Supplied data: Begin

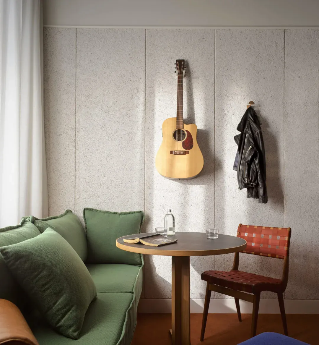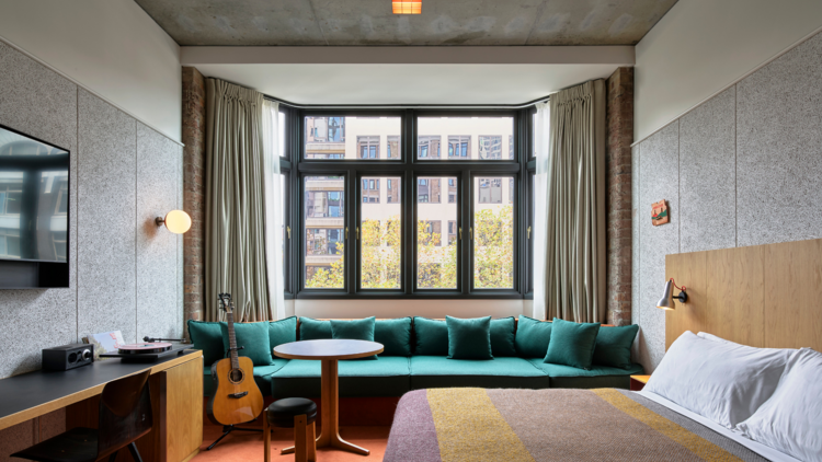 The hotel’s guest rooms — designed by Flack Studio to feel cosy and residential, with custom lighting, furniture and fixtures throughout.
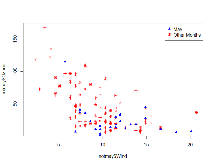 legend("topright", pch=c(17, 8), col=c("blue", "red"), legend=c("May","Other Months")) # 오른쪽 위에 범례를 추가한다.
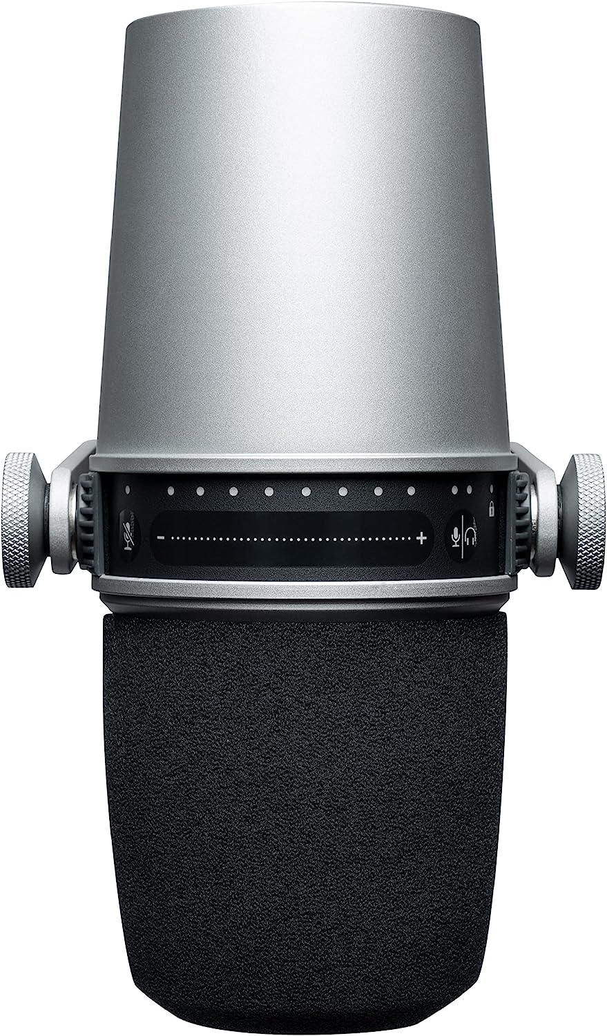 The Shure MV7 is a professional-quality USB/XLR dynamic microphone inspired by the legendary SM7B, ideal for close mic applications that require vocal intelligibility with a balanced tone. A touch panel interface on the microphone itself provides control over microphone gain, headphone level, monitor mix, and muting, and the ShurePlus MOTIV Desktop Application allows users to save their own presets or enable auto-gain, compression, and EQ presets for easy real-time audio processing. The attractive and durable all metal design features an adjustable yoke that can be mounted onto a variety of microphone stands for flexible placement options.
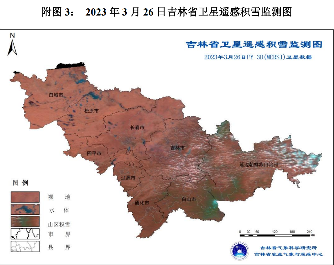 현재 전 성 평원은 기본적으로 눈이 없고 동부의 일부 삼림 지역만 여전히 눈으로 덮여 있는바 3월 19일에 비해 적설 피복률이 15.74% 감소되였다.
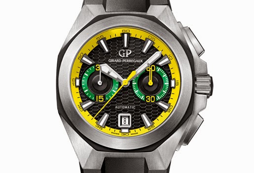 | Girard-Perregaux. Chrono Hawk. Los colores de la bandera brasileña visten esta edición limitada de 25 ejemplares. Precio: c.p.v. www.girard-perregaux.com |

Supplied data: End

How to complete this task: When you copy the entries above, keep every word exactly and omit the images.

Final answer:
 The hotel’s guest rooms — designed by Flack Studio to feel cosy and residential, with custom lighting, furniture and fixtures throughout.
 legend("topright", pch=c(17, 8), col=c("blue", "red"), legend=c("May","Other Months")) # 오른쪽 위에 범례를 추가한다.
 The Shure MV7 is a professional-quality USB/XLR dynamic microphone inspired by the legendary SM7B, ideal for close mic applications that require vocal intelligibility with a balanced tone. A touch panel interface on the microphone itself provides control over microphone gain, headphone level, monitor mix, and muting, and the ShurePlus MOTIV Desktop Application allows users to save their own presets or enable auto-gain, compression, and EQ presets for easy real-time audio processing. The attractive and durable all metal design features an adjustable yoke that can be mounted onto a variety of microphone stands for flexible placement options.
 현재 전 성 평원은 기본적으로 눈이 없고 동부의 일부 삼림 지역만 여전히 눈으로 덮여 있는바 3월 19일에 비해 적설 피복률이 15.74% 감소되였다.
 | Girard-Perregaux. Chrono Hawk. Los colores de la bandera brasileña visten esta edición limitada de 25 ejemplares. Precio: c.p.v. www.girard-perregaux.com |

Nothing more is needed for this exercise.